El profesor Roger Sanz participa como ponente en Hacken 2026.
29 de abril de 2026. El profesor de la Universidad Isabel I e investigador experto en inteligencia artificial aplicada a la ciberseguridad, Roger Sanz González, ha participado en la cuarta edición del Congreso Internacional de Ciberseguridad Hacken 2026. El profesor presentó una propuesta innovadora centrada en uno de los grandes problemas actuales en esta materia: garantizar la seguridad en los sistemas de inteligencia artificial agéntica.
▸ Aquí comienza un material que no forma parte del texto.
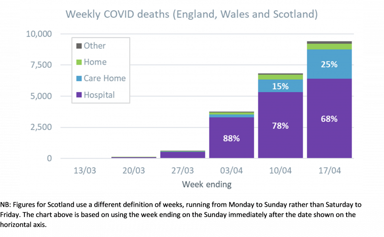 Data published today by the ONS (along with previous publications from the respective national statistical agencies of Scotland and Northern Ireland) casts some light. These latest statistics include Covid-19 deaths registered up to the 25th April, where there is a mention of Covid-19 somewhere on the death certificate, and includes both hospital and non-hospital deaths.

La inteligencia artificial agéntica es un tipo de inteligencia artificial diseñada para actuar como un agente autónomo, es decir, un sistema capaz de tomar decisiones, planificar acciones y ejecutarlas para alcanzar objetivos concretos con un grado mínimo de intervención humana. A diferencia de la IA tradicional, que responde a una instrucción puntual (por ejemplo, responder una pregunta o generar un texto).
La IA agéntica no se limita a reaccionar, sino que puede definir pasos intermedios para lograr un objetivo, tomar decisiones en función del contexto, interactuar con diferentes herramientas o sistemas y aprender de los resultados para ajustar su comportamiento. En la práctica, esto significa que un agente de IA puede, por ejemplo, recibir una tarea como “analizar el mercado y generar un informe”, y encargarse de todo el proceso como buscar información, filtrarla, interpretarla para producir un resultado final sin supervisión constante.
Ponencia del profesor Sanz González
Durante su intervención, titulada “Protege tu tesoro de IA agéntica. Mucho más que simples medidas de seguridad en el ‘camino feliz’”, el profesor Sanz expuso el Marco de Seguridad “Treasure” para GenAI, un enfoque práctico que plantea un cambio de paradigma en la forma de proteger los sistemas basados en inteligencia artificial. Frente al modelo tradicional de “caja negra”, su propuesta apuesta por “construir ecosistemas gobernados, auditables y confiables”.
Uno de los elementos centrales del modelo es el denominado “Registro de Diamante” (Diamond Record), que actúa como una fuente de datos limpia, unificada y con control de permisos. Este enfoque permite anclar las decisiones de los agentes de IA en información verificada, reduciendo de forma significativa riesgos como las alucinaciones del sistema o la fuga de datos sensibles.
El experto en ciberseguridad también destacó la importancia de “aplicar una gobernanza a nivel de código, trasladando principios del DevSecOps al funcionamiento de los agentes inteligentes”. En este sentido, los flujos de trabajo dejan de depender de instrucciones improvisadas para gestionarse como código versionado, lo que permite auditar cada acción, someterla a revisión y revertir comportamientos no deseados de manera inmediata.
Otro de los pilares de su propuesta es la orquestación con supervisión humana (human-in-the-loop), que limita la autonomía de los agentes mediante esquemas predefinidos que determinan con precisión qué acciones pueden ejecutar. Este modelo combina la capacidad operativa de la inteligencia artificial con el control estratégico humano, especialmente en contextos críticos.
Adoptar una estrategia de defensa en profundidad
El profesor de la Universidad Isabel I subrayó la necesidad de adoptar una estrategia de defensa en profundidad, en la que la seguridad no actúe como una capa externa, sino que esté integrada en toda la infraestructura. Esto incluye controles de acceso detallados y mecanismos de aislamiento que permiten contener posibles vulnerabilidades incluso en escenarios de ataque o manipulación del sistema.
La participación de Roger Sanz en este encuentro internacional sitúa a la Universidad Isabel I en la vanguardia del debate sobre ciberseguridad aplicada a la inteligencia artificial, un ámbito en plena evolución que exige soluciones cada vez más sofisticadas. Su propuesta contribuye a definir nuevas líneas de trabajo orientadas a construir sistemas de IA más seguros, transparentes y alineados con el entorno digital actual.